Status of and expectations for flexible bioenergy to support resource efficiency and to accelerate the energy transition

Feb 2022

Open access article in the Journal Renewable and Sustainable Energy Reviews, based on work performed within IEA Bioenergy Task 44.

We can expect a remarkable expansion and cross-sectoral deployment of PV and wind power in the current decade. The intermittent nature of these renewables, however, will evoke growing challenges regarding matching energy supply and demand. Studies and strategies that aim to solve this challenge tend to neglect the flexibility potential of modern and sustainable bioenergy, despite this being the leading renewable energy resource today. The paper explores the current status of, and stakeholder expectations for, bioenergy flexibility, drawing on recent questionnaire data gathered in the IEA Bioenergy TCP to provide a technological and deployment status review for eleven countries.
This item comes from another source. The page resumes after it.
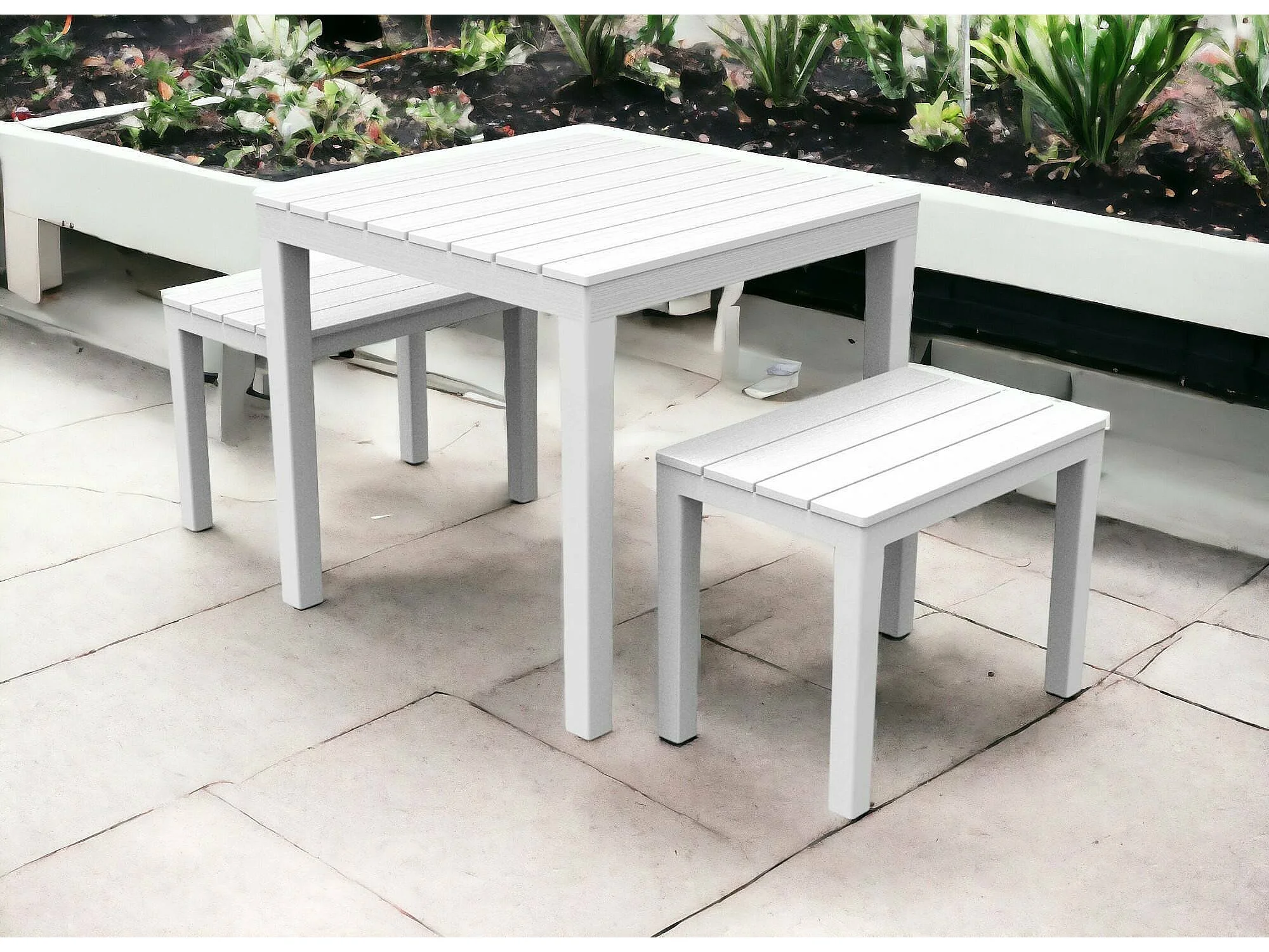 Ensemble de salon d'extérieur Moncalieri, Composition de jardin avec 1 table carrée et 2 bancs, Salon intérieur et extérieur de Pic Nic, 100% Made in Italy, Blanc

There is a wide range of commercially available bioenergy technologies that can offer flexibility services. Sustainable biomass can be deployed for multiple services and benefits to the energy system under varying operating conditions and loads, contributing to energy security beyond the power grid. Flexibilization of the energy system is, so far, mainly associated with balancing production and consumption of renewable electricity only. However, bioenergy and bioeconomy are multisectoral and expectations extend far beyond just electricity, through the connection with the production of heat, renewable gas, transport fuels or biochemicals.
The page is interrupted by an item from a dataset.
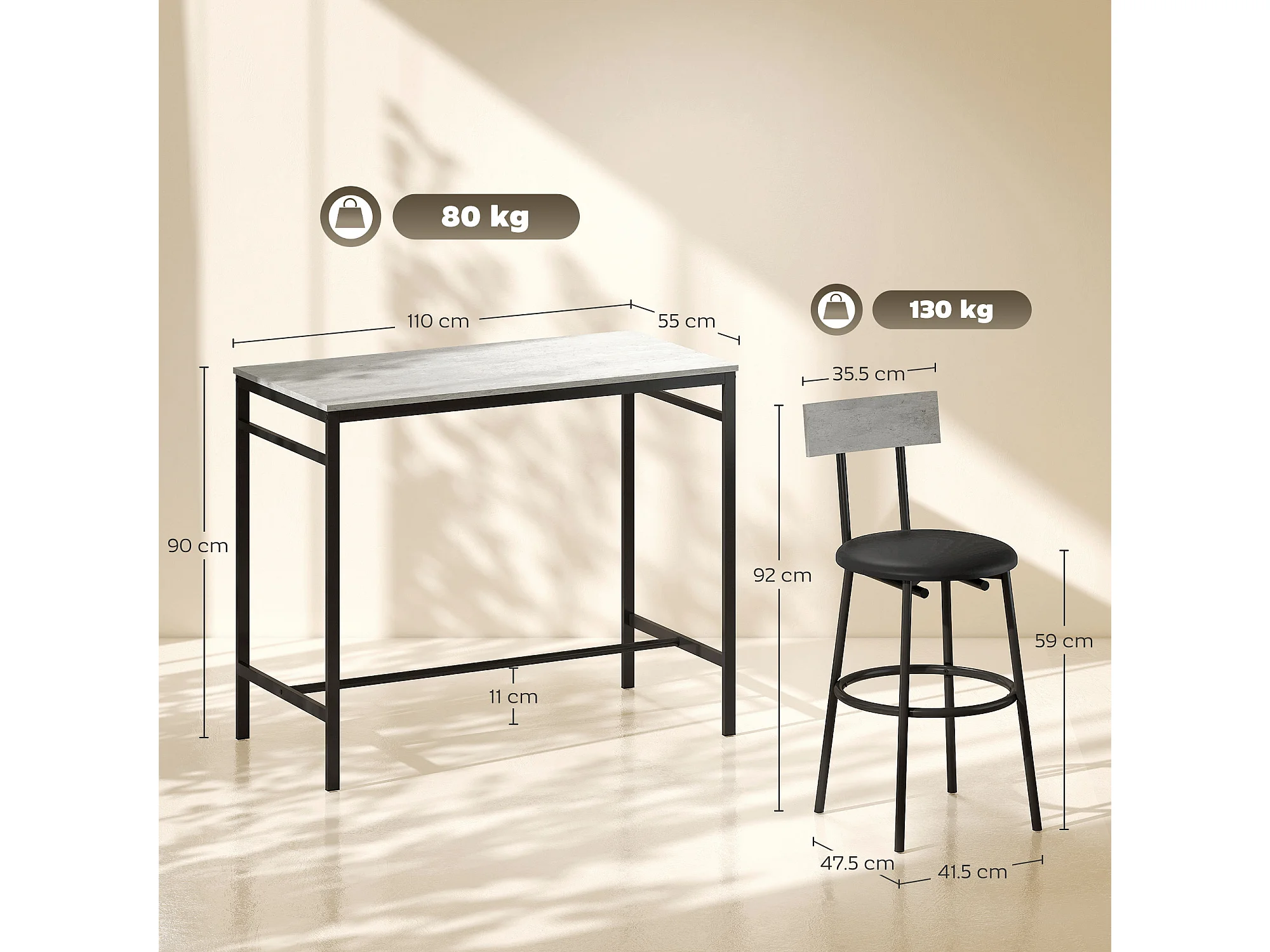 Tavolo bar con sgabelli antracite/bianco 57x80x106

Yet, the prevailing barrier for multiplying flexible bioenergy options lies in missing tools to valorize flexibility services in general. Practical deployment continues to be seen as little more than a niche innovation mainly due to limited ‘landscape pressure’ and considerable challenges in translating systemic, macro-economic and societal gains into an economic profit on a business level. Considering the large variety of flexibility services, markets and frameworks have to be designed to sufficiently reflect the qualities and limitations of the different commodities or services. The benefits of flexibility services and sustainable bioenergy can be first and foremost evaluated on an integrated energy system level, for example, based on cost or GHG savings, internalizing security of supply, and overall system stability. The paper advocates for a heterodox energy economic debate to help settle fundamental questions about the effectiveness of different market designs based on empirical approaches, quantitative modelling, and basic analytical research.